If you give growing sprouts a try, please let me know what you think in the comments below. Also be sure to follow me on Facebook and Pinterest so you don’t miss a recipe!
You may also enjoy:
Growing Sprouts – A Beginners Guide
Ingredients
- 1-3 tablespoons sprouting seeds make sure they are labeled as specifically for sprouting
Instructions
- To a quart-sized mason jar, add desired amount of seeds and top it with enough water to cover the seeds. Cap the jar with a seed sprouting screen or mesh food-safe material that water can drain through plus the metal ring that came with the jar. Soak seeds in water for 1 hour.
- Drain water and invert the jar so the remaining liquid can drain. I like to prop my jar up in a bowl.

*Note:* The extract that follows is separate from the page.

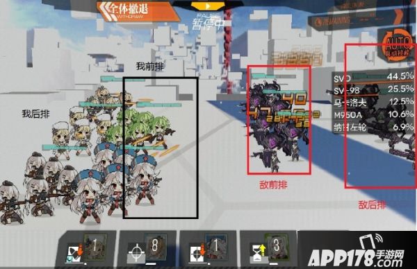 虽然不能手动选择目标,但是可以通过移动枪娘,使得敌我双方的攻击目标发生变化。从以上关于战场逻辑的简单论述我们可以引申出几个基本问题:敌人前后排配置的不同会导致我方的选枪布阵发生变化——如何根据敌人不同而选择恰当的阵型;敌人攻击逻辑的不同引发我方T位置的变动——如何T;白嫖时间的存在以及目标变动逻辑——手动操作的应用而这些将是我们下面将要讨论的东西

- Rinse sprouts twice per day with room temperature or cool water (morning and evening), drain water off right away, and then return inverted to the bowl for storage. Repeat for 3-5 days, or until seeds have sprouted.
- If at any point, the jar is almost full, you will want to either divide the sprouts into two jars, or remove some for consumption. You do not want the jar to become overcrowded.
- Do not allow seeds to sit out for more than 5 days, as bacteria can begin to grow. Once ready to serve, rinse sprouts in a bowl to remove the seeds that didn't germinate, along with the seed hulls. Filling a bowl with water often works, since the hulls will float, and the sprouts will sink.
- Drain liquid and place sprouts onto a paper towel to dry them out. Once they are dry, return sprouts to a container. This time, cover with a solid lid, and place in the fridge for 4-5 days. Consume within this time period, or they will begin to go bad. If at any time, there is liquid at the bottom of the storage container, drain it to prolong their shelf life.